Sequence Capture Data
The average number of reads sequenced across the 264 samples is 2,422,484 (range: 415,439–6,899,259 reads), and as we sequenced 100 bp paired-end reads, the average total base pair yield is 484.4 Mb (range: 83.0–1,379.8 Mb). In addition to the removal of low complexity and low quality reads, the raw reads were filtered to remove exact duplicates, adapters, and bacteria contamination. After these filtration steps, the average number of base pairs of cleaned reads was 331.9 Mb (range: 65.3–789.6 Mb); on average 68% of the raw base pairs passed the quality control filters.
The assemblies were assigned to targeted transcripts, and the resulting in-target assemblies contained a mix of exon sequences and non-coding flanking sequences (Fig. 2A). The length of the in-target assemblies were often several thousand base pairs, much longer than the original targeted transcript sequences (which were maximally 850 bp), illustrating a significant amount of non-coding flanking sequence data associated with each exon was captured (Fig. 2A). By trimming the flanking sequences, the concatenated exons closely match the original transcript sequence lengths (Fig. 2B).

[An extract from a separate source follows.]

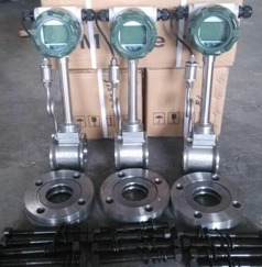 JN-LYWBJC1409夹持式补偿一体化涡街流量计说明 概述: 涡街流量计是根据卡门涡街理论。卡门涡街释放频率f和流速V成正比,因此通过测量卡门涡街释放频率就可算出瞬时流量。涡街流量传感器的旋涡释放频率是由旋涡交替地作用于检测传感器(探头)上的,应力通过在它内部的压电晶体或差动电容元件来检出的,以此制成的一种速度式流量仪表。 压电式涡街流量计:应力式涡街流量计是速度式流量计的一种,它以卡门涡街理论为基础,采用压电晶体检测,流体通过管道内三角柱时所产生的旋涡频率,从而测量出流体的流量。结构简单,无运动磨损部件,测量平顺,量程宽,阻力损失小。

Across all targeted loci and samples, the median number of exons per transcript is four, but ranged from a single exon to eleven exons per transcript (Fig. 3). The average length of exons within transcripts recovered is 153 bp, but the data set revealed a wide range in sizes, from shorter exons (< 100 bp) to longer exons (> 600 bp) that cover the entire transcript sequence used (Fig. 4).

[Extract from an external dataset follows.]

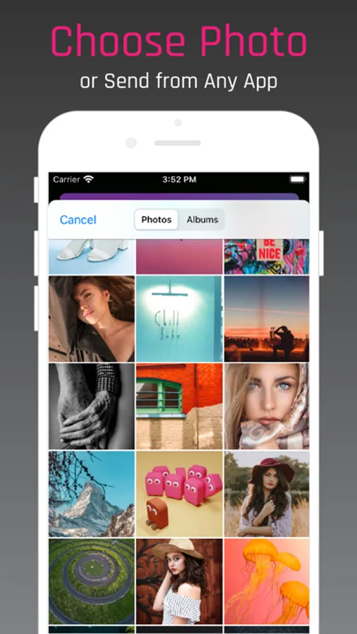 • Send any photo to PhotoFrame app from iPhone Photos and other apps directly through Share widget.

Sequencing Depth and Duplication Levels
The sequencing depths of merged contigs showed variation between loci and across samples, but the most pronounced differences in coverage occurred between the exon and flanking regions (Fig. 2A). The average sequencing depth across all exons for all samples averaged 142.4X (n = 1,372,603 exons), whereas the flanking regions averaged 45.5X. This result is consistent with expectations for transcriptome-based exon capture, as the probe design only considered exon regions. Despite not specifically targeting these adjacent non-coding regions, this experiment clearly demonstrates non-coding regions can be captured and sequenced with sufficiently high coverage. Because the estimates of sequencing depth only consider sites that are captured, relating coverage to phylogenetic distance is not a meaningful metric. We did consider the effect of pooling size on coverage, but within a single genus that was the main focus of the experiment and for which capture results were very similar (genus Hyperolius). A comparison of pool sizes (1–2, 4–7) revealed no significant differences in sequencing depth across all loci based on the student’s t-test (Fig. 5). Similarly, there do not appear to be to be differences in raw data yield (in total base pairs) for different pool sizes (Fig. 5), though low sample sizes in smaller pools preclude rigorous testing.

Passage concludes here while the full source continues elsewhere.